Lambert trabajaba en la biblioteca municipal de Gonet. Los pocos asistentes de aquella institución
al borde del cierre, lo consideraban un erudito. Lo era en cierta forma

Su carácter introvertido y su poco éxito en embates amorosos, lo hacían disponer de tiempo más
que suficiente para enfrascarse en densos debates literarios y políticos, con los jubilados que asistían
al club de ajedrez. Por ellos el sabía de un libro, desaparecido, considerado una curiosidad histórica.

Gandolfo Articoichea, autodenominado “poeta” de Boedo, había escrito y publicado en 1920, una
obra sencillamente titulada “sobre gustos”. Se trataba de un sinvergüenza, más recordado en el
barrio por sus peleas a cuchillo, y sus desmanes de ebrio melancólico, que por cualquier
contribución literaria real.

Sin embargo, entre arrebatos de indignación moral empapada en ginebra, había elaborado un
extenso volumen acerca de cómo algunos de sus contemporáneos, dilapidaban el buen nombre del
arte. Tal manuscrito había llegado a editarse, por acción de una comisión vecinal que, aunque poco
interesada en sus ideas, hallaba una enorme utilidad en mantenerlo ocupado.

Desde luego, el texto no había tenido gran impacto entre los tangueros reos y malhablados de su
escueto círculo social, más interesados en el amor de las meretrices que en la reflexión filosófica.
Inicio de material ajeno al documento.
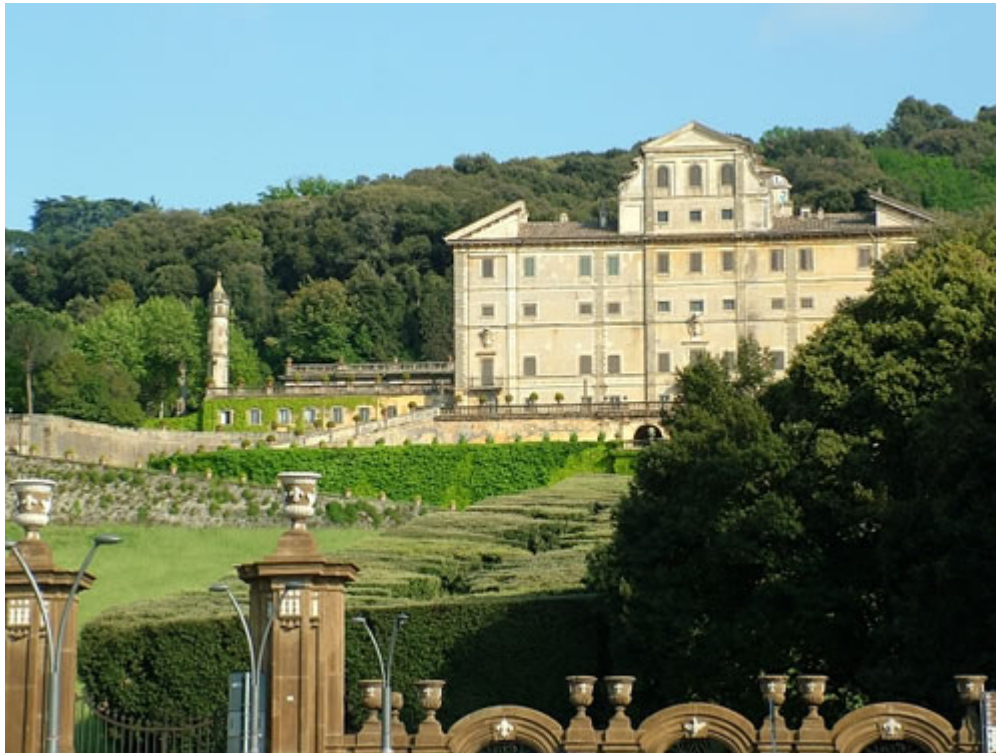
Villa Aldobrandini a Frascati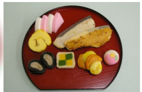
再成形ソフト食応用(おせち)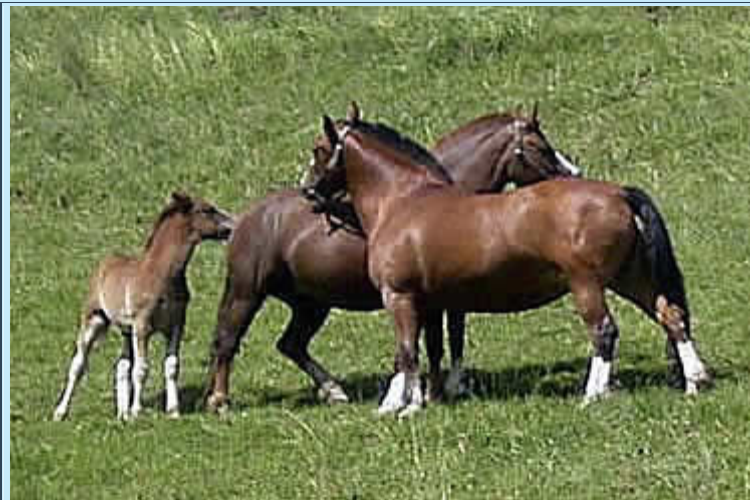
Pferdefamilie lässt sich von Lauffamilien nicht stören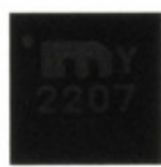
MIC2207YML-TR Microchip Technology IC REG BUCK ADJ 3A 12MLF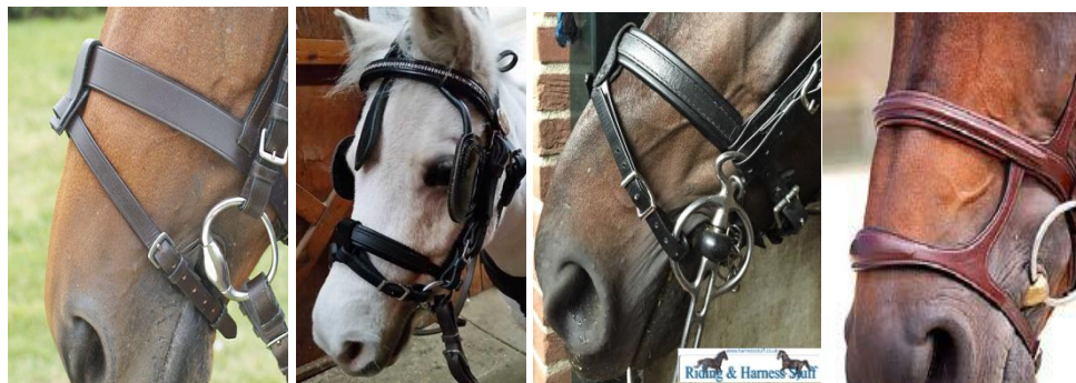
(nachrapnik ze skośnikami lub z dolnym paskiem)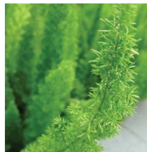
青綠色的針狀葉 Cyan needle-like leaves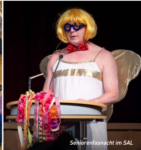
Seniorenfasnacht im SAL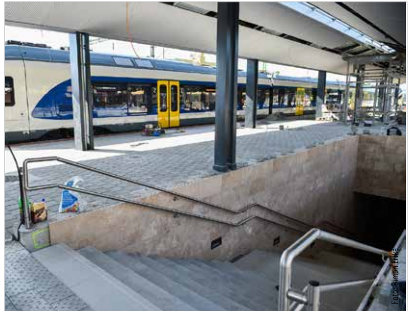
Keddtől már az utascsarnokon, az új aluljárón és az elkészült új peronon keresztül lehet megközelíteni az ideiglenes peronokat

A székesfehérvári vasútállomás felújítása várhatóan 2016-ban fejeződik be teljes vágányépítéssel, a Budapest és Börgönd felőli oldal még hiányzó új kiterőinek megépítésével és az ideiglenes peronok elbontásával.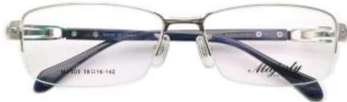
C4 メタリックシルバー ×ネイビー系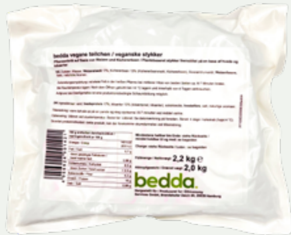
16 | BEDDA Vegane Teilchen, 2kg Art.-Nr.: A009093 VPE: 5 Stück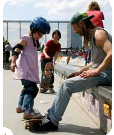
Het Ursulinenplein behoort toe aan iedereen.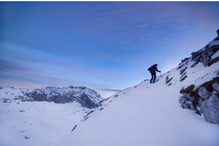
Darja some moments before the incident.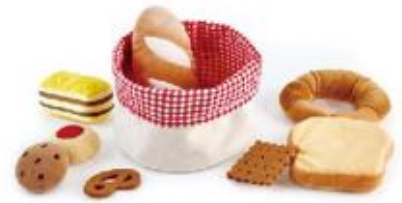
CESTA DE PAN REF 92-3168

Set de piezas de frutas en una cesta. Fabricados en plástico resistente y con colores vivos. Incluye: cesta y frutas (manzana, fresa, limón, plátano, ciruela, naranja, albaricoque, uva y pera). La cesta mide 21 x 14 cm. La fruta más larga, la pera, mide 8 cm de largo. Edad recomendada: de 18 meses a 6 años.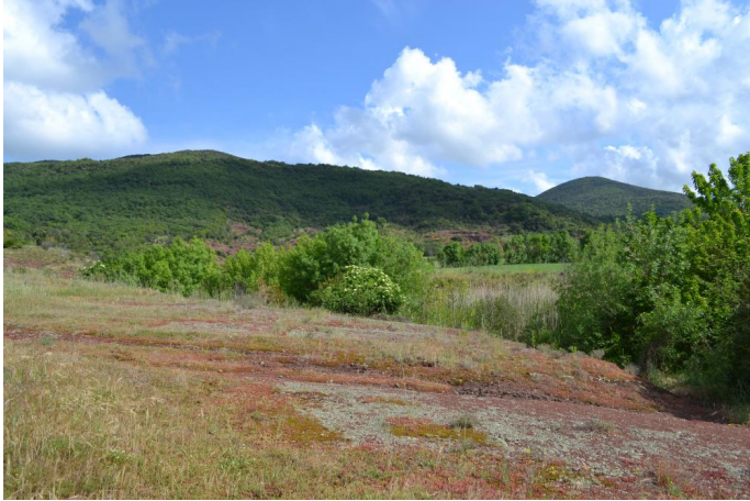
Cordon de Frênes sur cours d'eau à écoulements temporaires, le 10/05/2017 par Jérémy Cuvelier.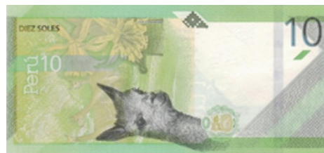
Vicuña-Flor de amancaes

El libro, que intentaba ser expositivo, fracasaba generalmente en un mar de enunciados poéticos y
simples y llanas groserías. Sin embargo, los lectores atentos podrían pasar por alto los arrebatos y
las divagaciones, para encontrar una idea fuerte que recorría todo el escrito. Se atrevía a afirmar
que la exaltación del espíritu y la complejidad estética no debían dejarse de lado en pos del impacto
instantáneo.
Fue visto, como corresponde, como un reaccionario por los intelectuales del barrio. Aceptar tales
ideas implicaría renunciar a las dadivas artísticas que llegaban en cada barco desde Europa. Por lo
que se decidió que el autor debía ser ignorado y condenado al olvido

Después de 130 años, no se conocía a ciencia cierta la ubicación de cualquier copia, pero la tradición
oral había hecho sobrevivir de él, una leyenda que roza lo fantástico en términos filosóficos. Entre
la resaca y la borrachera (que eran los dos estados frecuentes del autor) Articoichea había
engendrado un sistema infalible e irrefutable que permitía separar el arte de la pretensión, lo osado,
de lo ridículo, el buen gusto, del malo.